Nothing demonstrates this better than the marches in question. The first, that of the “victorious defeat” was so grotesque as to induce many to sacrifice all consideration to hilarity. Error. It matters little, was the message, who wins at the polls, since the only true people is the people of the faithful who march in the streets, the people of “true believers.” Only he embodies the collective moral ego, guards the immortal culture, forms the community in which the sense of belonging to the homeland is expressed. Did the vote reward the “colonial class”? To the “anti-people”? Well, “we will continue to govern with the people”, the march meant, our people, the “chosen people”, no matter how minority they may be. They call it “national thought” but it comes from afar, it is that of the entire European anti-enlightenment tradition, from the German romantics to the Spanish reactionaries.

This estrangement from the principles of liberal democracy, the chronic contempt for its procedures and its ethos they stand out even more in the second march, the one held “for democracy.” Poor prostituted word! Is there anything less democratic than celebrating democracy alone? Is there a political liturgy that should unite everyone more than this? No way! Giovanni Sartori, lover of paradoxes, said: “Democracy is a pompous word to call something that does not exist”. As “village”, on the other hand. Precisely for this reason he feared the abuse of the term: who, at this point, does not define himself as a democrat? As a good theoretician of democracy, therefore, one of the most lucid of the 20th century, he never stopped advocating limited government, the balance of powers, respect for minorities. And to invoke the people of the Constitution, a voluntary association of individuals, in opposition to the people, the “natural” community of faith, ethnicity or culture, the source of all intolerance and abuse. A good “liberal”, leftist or not, should know. But I doubt that President Fernández knows. How to explain, if not, the blessing of Daniel Ortega, the predilection for China and Cuba, the love for Iran and Venezuela, the fatal attraction for Putin, for everything farthest from democracy on Earth? Foreign policy is not an inert appendage that can be twisted at will, but the mirror of what we are and want to be: that is how it was for Perón, friend of every dictator; so it remains.

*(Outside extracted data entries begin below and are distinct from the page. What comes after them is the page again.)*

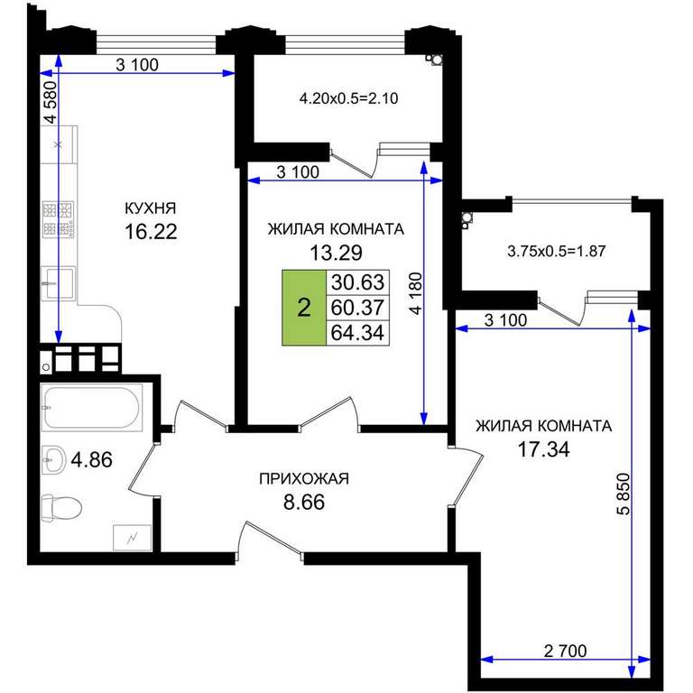 - 64.34 м2
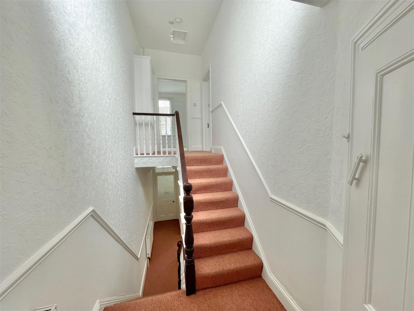 First Floor Main Landing - Built-in storage cupboard. Small loft hatch. Door to bedroom two.
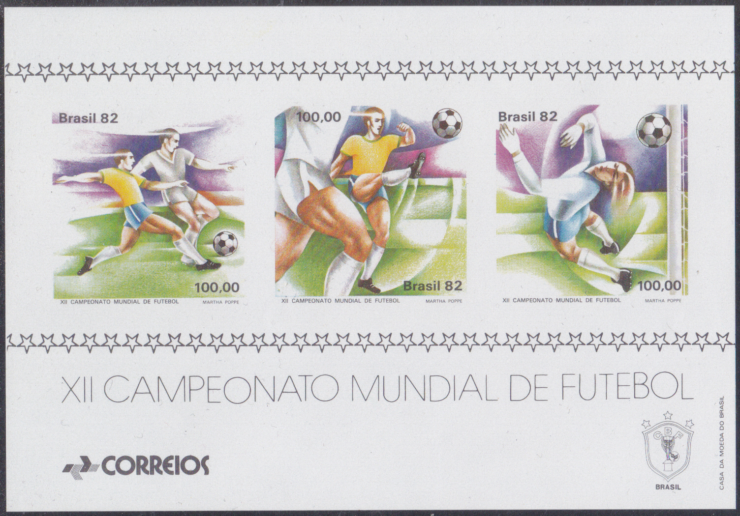 Auf einer weiteren Marke (MiNr 1126) werden ein Spieler, die Flagge Brasiliens und ein Teil eines Fußballs gezeigt.
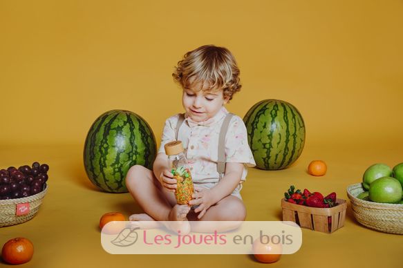 Découvrez la bouteille sensorielle Learn Fruits de la marque Petit Boum. Un jouet d’éveil coloré, inspiré de la pédagogie Montessori, qui stimule les sens des bébés dès 3 mois.
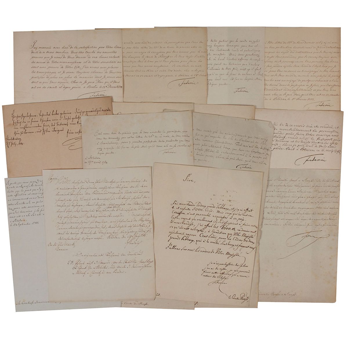 King of Prussia (born 1712) from 1740 until his death in 1786. His political prowess and enlightened attitudes toward religion, learning, and the humanities earned him the sobriquet ‘Frederick the Great.’ Collection of 15 untranslated LSs, three in German and 12 in French, all signed “Frederic,” or “Federic,” all one page, 7.5 x 9, spanning more than 40 years from 1740 to 1780, and all to his longtime minister and personal advisor Henry IX, Count Reuss de Kostritz (1711–1780). In overall very good to fine condition.
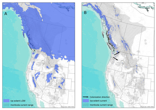 (A) Extent of ice sheets across western North America during the Last Glacial Maximum and the modern distribution of Sorex monticola. (B) Current glacial extent of western North America according to the Global Land Ice Measurements from Space (GLIMS) [52], modern distribution of Sorex monticola, and the hypothesized direction of post-glacial expansion of S. monticola to the North and South.
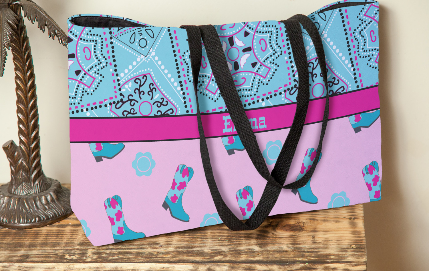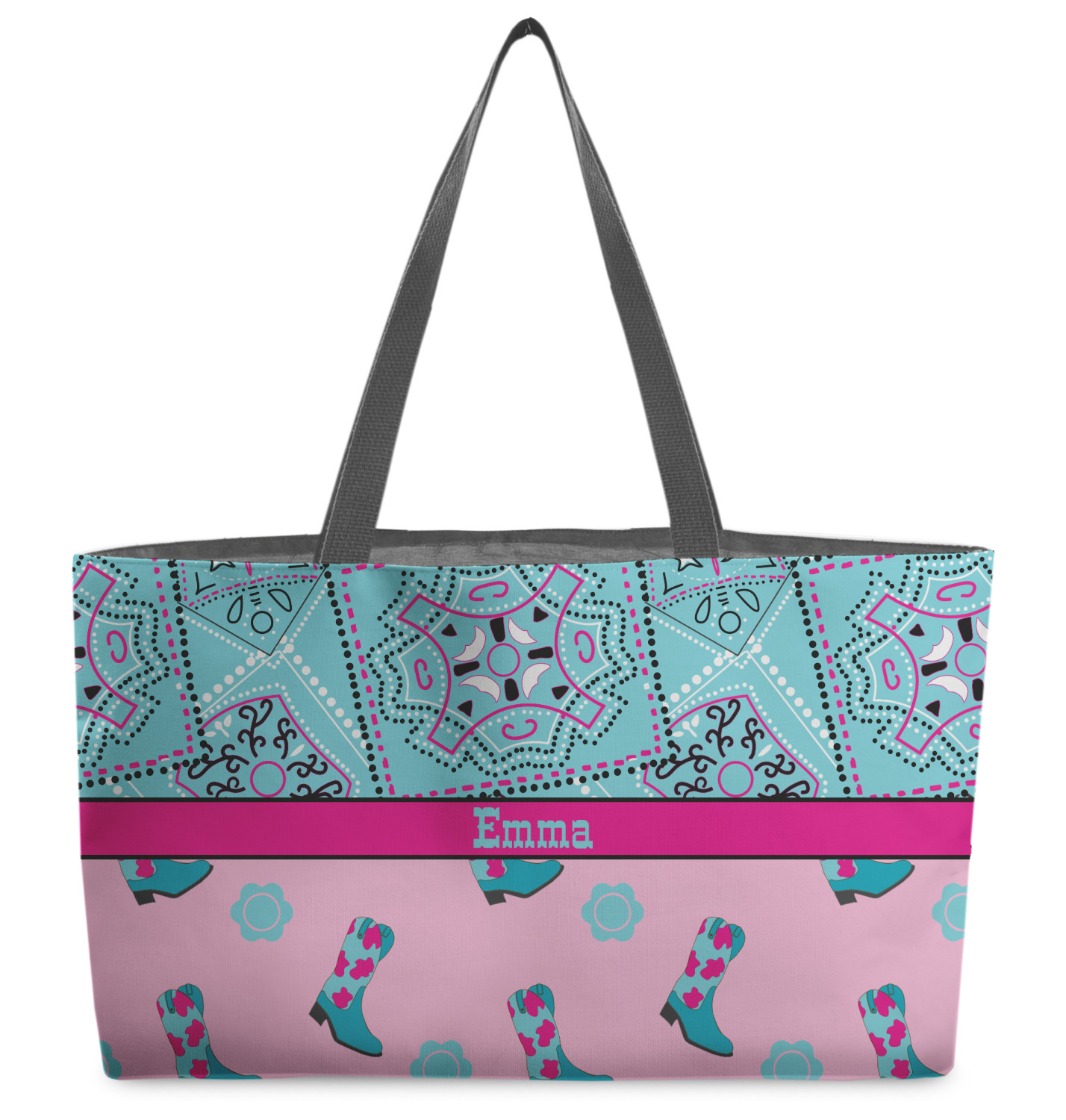This design has a wild west theme and features a turquoise and pink bandana print on the top half, a pink stripe across the middle, and cowgirl boots and flowers on the bottom. The coordinating design is hot pink, has a turquoise stripe and scalloped circle in the middle, and horseshoes in the background print.
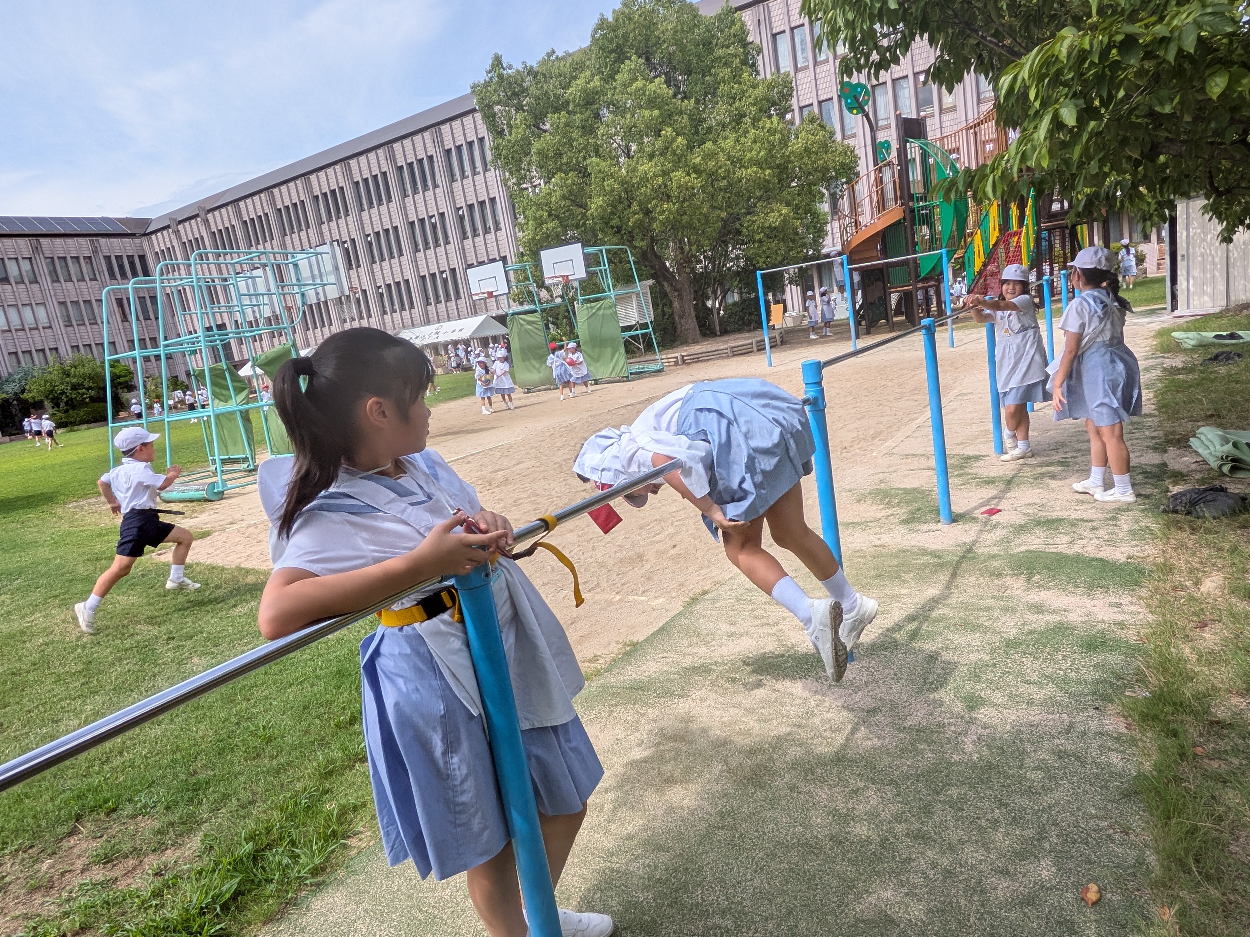 逆上がりやダルマ回りの練習をしたり、先生方とおにごっこをしたり、ボール遊びをしたりと、汗をいっぱい流して元気いっぱい遊んでいました。
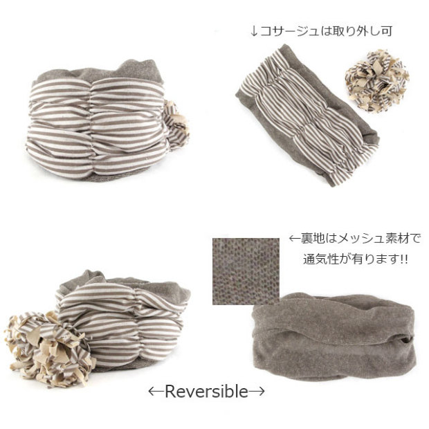 ベーシックカラーのボーダー柄とメッシュ素材のリバーシブルで どちらもコーディネートに馴染みやすい仕上がりに。
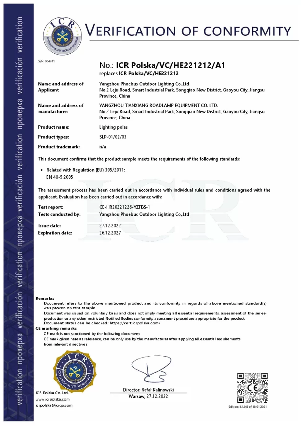 | Stiffener | With a big size to strengthen the pole to resist the wind | ||||||
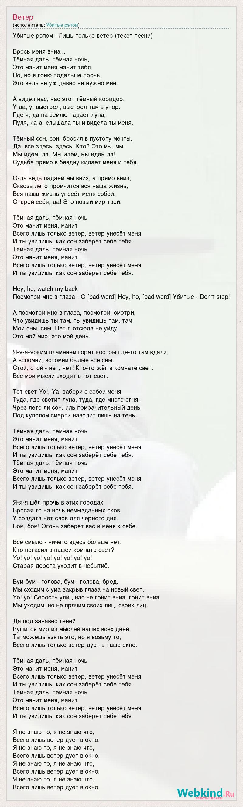 Убитые рэпом - Лишь только ветер (текст песни) Брось меня вниз... Тёмная даль, тёмная ночь, Это манит меня манит тебя, Но, но я гоню подальше прочь, Это ведь не уж давно не нужно мне. А видел нас, нас этот тёмный коридор, У да, у, выстрел, выстрел там в упор. Где я, да на землю падает луна, Пуля, ка-а, слышала ты и видела ты меня. Тёмный сон, сон, бросил в пустоту мечты, Да, все здесь, здесь. Кто? Это мы, мы. Мы идём, да. Мы идём, мы идём да! Судьба прямо в бездну кидает меня и тебя. О-да ведь падаем мы вниз, а прямо вниз, Сквозь лето промчится вся наша жизнь, Вся наша жизнь унесёт меня собой, Открой себя, да! Это новый мир твой. Тёмная даль, тёмная ночь Это манит меня, манит Всего лишь только ветер, ветер унесёт меня И ты увидишь, как сон заберёт себе тебя. Тёмная даль, тёмная ночь Это манит меня, манит Всего лишь только ветер, ветер унесёт меня И ты увидишь, как сон заберёт себе тебя. Hey, ho, watch my back Посмотри мне в глаза - О [bad word] Hey, ho, [bad word] Убитые - Don"t stop! А посмотри мне в глаза, посмотри, смотри, Что увидишь ты там, ты увидишь там, там Мои сны, сны. Нет я отсюда не уйду Это мой мир, это мой день. Я-я-я-ярким пламенем горят костры где-то там вдали, А вспомни, вспомни былые все сны. Стой, стой - нет, нет! Кто-то жёг в комнате свет. Все мои мысли входят в тот свет. Тот свет Yo!, Ya! забери с собой меня Туда, где светит луна, туда, где много огня. Чрез лето ли сон, иль помрачительный день Под куполом смерти наводит лишь на тень. Тёмная даль, тёмная ночь Это манит меня, манит Всего лишь только ветер, ветер унесёт меня И ты увидишь, как сон заберёт себе тебя. Тёмная даль, тёмная ночь Это манит меня, манит Всего лишь только ветер, ветер унесёт меня И ты увидишь, как сон заберёт себе тебя. Я-я-я шёл прочь в этих городах Бросая то на ночь немызданных оков У солдата нет слов для чёрного дня. Бом, бом! Огонь заберёт вас и меня к себе. Всё смыло - ничего здесь больше нет. Кто погасил в нашей комнате свет? Yo! yo! yo! yo! yo! yo! yo! yo! Старая дорога уходит в небытиё. Бум-бум - голова, бум - голова, бред. Мы сходим с ума закрыв глаза на новый свет. Yo! yo! Серость улиц нас не гонит вниз, гонит вниз. Мы уходим, но не прячим своих лиц, своих лиц. Да под занавес теней Рушится мир из мыслей наших всех дней. Ты можешь взять это, но я возьму то, Всего лишь только ветер дует в наше окно. Тёмная даль, тёмная ночь Это манит меня, манит Всего лишь только ветер, ветер унесёт меня И ты увидишь, как сон заберёт себе тебя. Тёмная даль, тёмная ночь Это манит меня, манит Всего лишь только ветер, ветер унесёт меня И ты увидишь, как сон заберёт себе тебя. Я не знаю то, я не знаю что, Всего лишь ветер дует в окно. Я не знаю то, я не знаю что, Всего лишь ветер дует в окно. Я не знаю то, я не знаю что, Всего лишь ветер дует в окно. Я не знаю то, я не знаю что, Всего лишь ветер дует в окно.
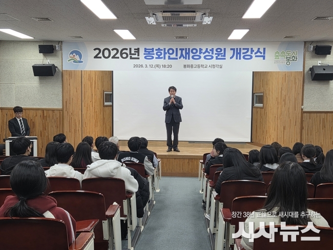 [시사뉴스 장시목 기자]봉화인재양성원은 3월 12일(목) 봉화고등학교 시청각실에서 봉화인재양성원 개강식을 개최하고, 2026학년도 지역 미래인재 육성을 위한 교육과정 운영을 본격 시작했다.
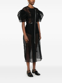 semi-sheer dress Highlights - Black - Petal sleeves - Zip front - Multiple zip pockets Imported Composition Polyamide 100%, Nylon 100% SIZE & FIT Model measurements Height 5 ft 11 in(1.8 m) Bust/Chest 31.49 in(80 cm) Hips 36.61 in(93 cm) Waist 24.4 in(62 cm) Washing instructions Hand Wash
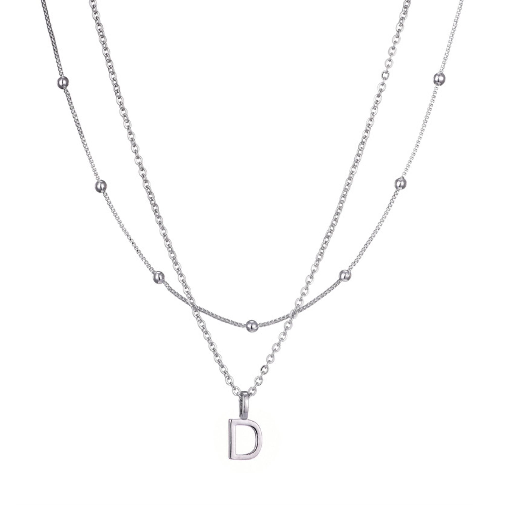 Посеребренное многослойное ожерелье с инициалами Adornia, Silver-D
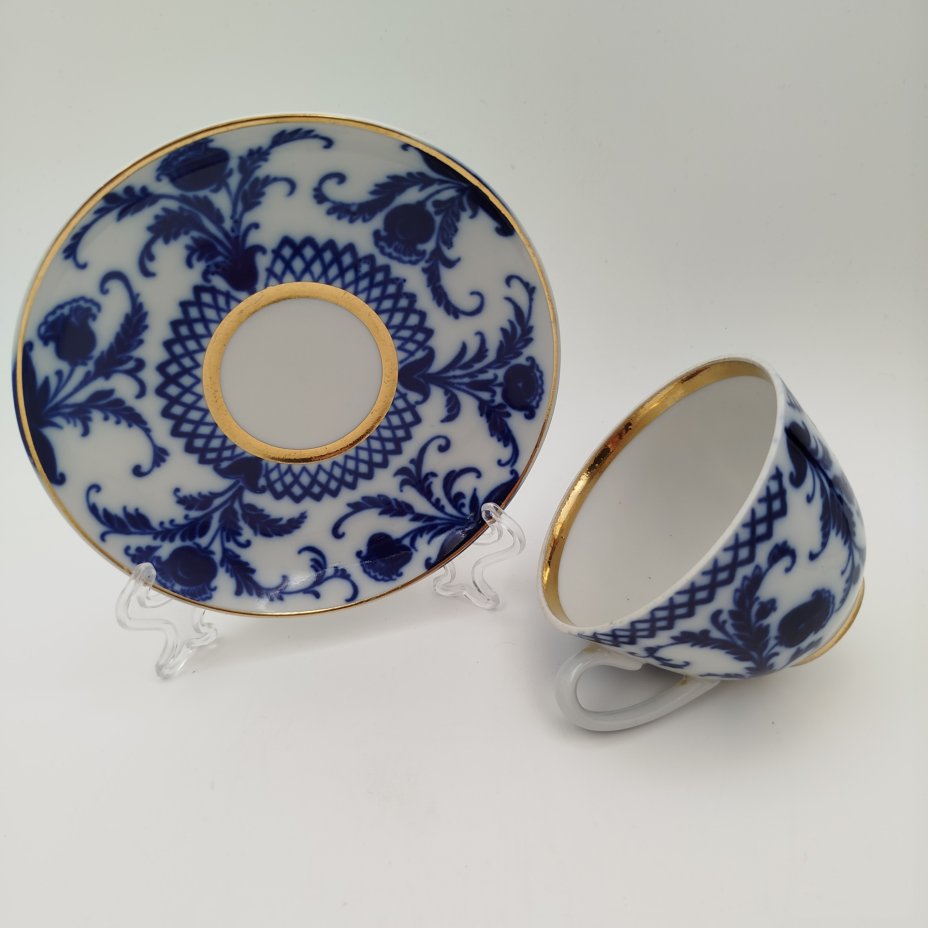 Пара чайная с растительным орнаментом (в подборе), фарфор, крытье кобальтом, золочение, Ленинградский фарфоровый завод (ЛФЗ), СССР, 1960-1970 гг.
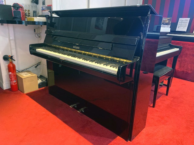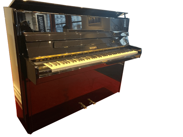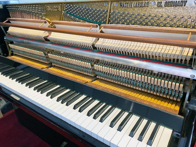 Ce piano droit EUTERPE 112 « modern » noir brillant est une splendeur à tous les niveaux ! Sorti des ateliers de Langlau en Bavière en 1981, nous voici revenus à « la belle époque » où les artisans d’art facteurs de pianos produisaient entièrement à la main de superbes instruments, même de petite taille, sur le même cahier des charges que leurs grands pianos de concert. Une époque révolue qui a vu disparaître ces modèles de pianos droits artisanaux compacts du catalogue des rares et prestigieuses marques européennes qu’il nous reste encore aujourd’hui face à la mondialisation, à l’industrialisation de masse mais surtout avec la mode du « consommable » pratique et tout numérique!
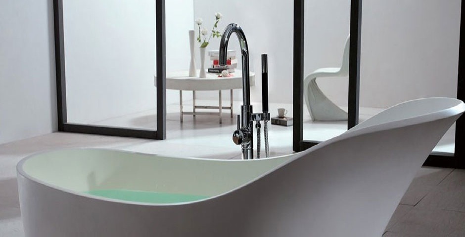 La baignoire îlot est à la salle de bain ce que l’ilot central est à la cuisine : pratique, déco et terriblement tendance. Il existe aujourd’hui des baignoires ilots dans de nombreuses matières en plus de l’acrylique : le corian (ou solid surface suivant les marques), l’acier et la fonte.
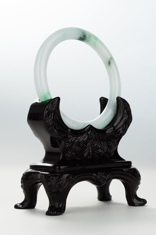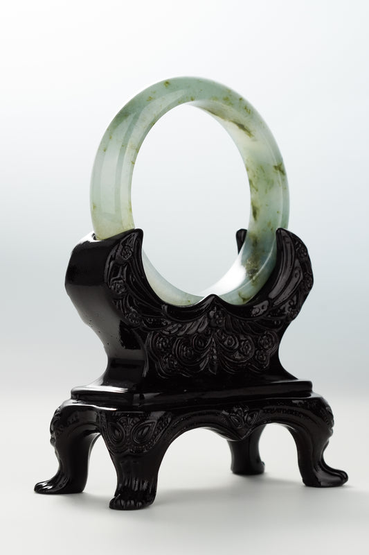 #0091 Icy Green Ink Yellow Flower Jadeite Jade Bangle Size 59.1
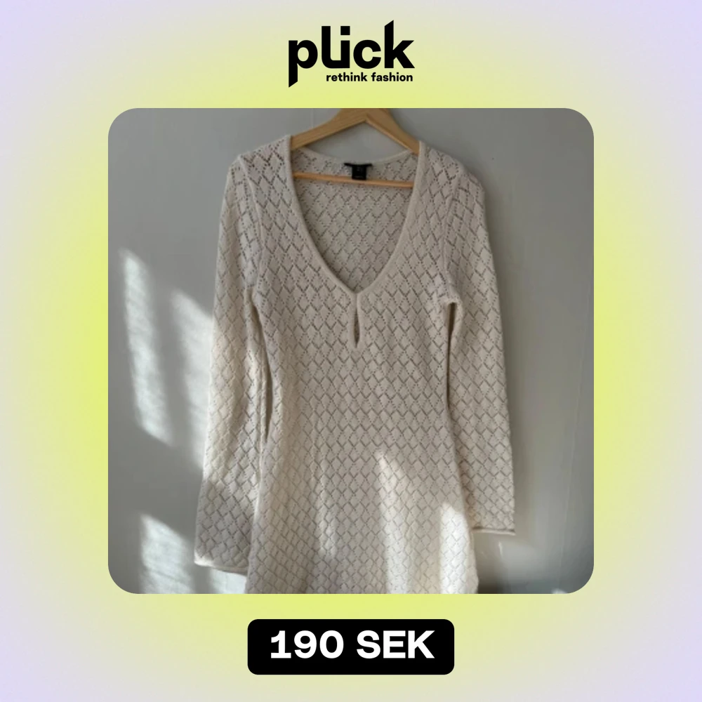 Säljer en superfin vit stickad klänning från Lindex. Den har en v-ringad hals och långa ärmar. Klänningen är i nyskick och endast använd en gång.
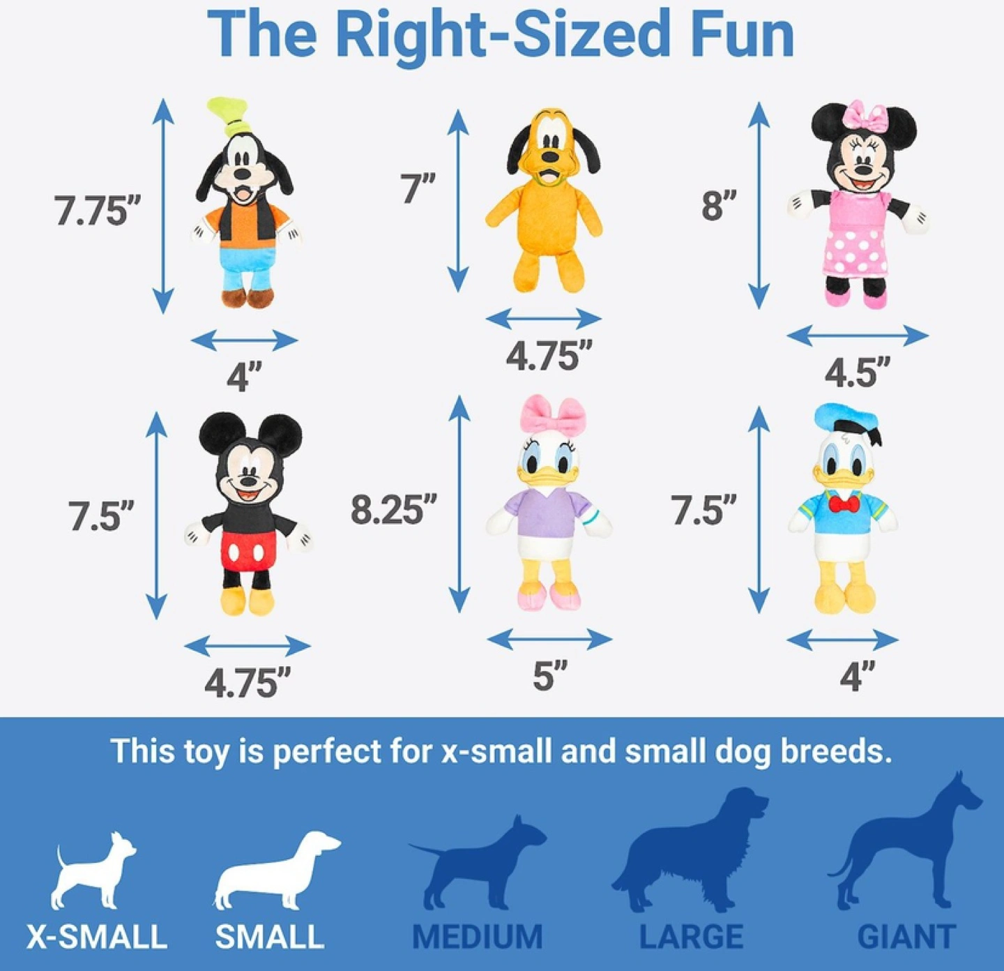 Adorable plush dog toys for small dogs. featuring Mickey Mouse, Minnie Mouse, Goofy, Pluto, Daisy Duck, and Donald Duck. Small size, perfect for small dogs.

The third march, in fact, the one that Kirchnerism intends to carry out on February 1 against the Court Supreme, is directly coup. I hate using high-sounding terms, so abused that they have lost much of their evocative power. But how to call coercion against a constitutional power? The attempt to de facto change the institutional balance of the democratic order? Seen closely, the immediate intention is evident: the control of Justice, the impunity of Cristina Kirchner. But seen in a broader perspective it is even worse, it is the umpteenth manifestation of a despotic political culture, determined to monopolize power and disassociate itself from the Western liberal tradition. There is little to do: no matter how much the chameleon changes color, no matter how much Peronism adopts the language suggested by the bon ton, it always ends up bursting the buttons of the democratic dress that she reluctantly puts on: it fits her, it is “a orangutan with sacoleva”, to use the beautiful title of a classic Colombian political history book. His march is always the same, the march on Rome.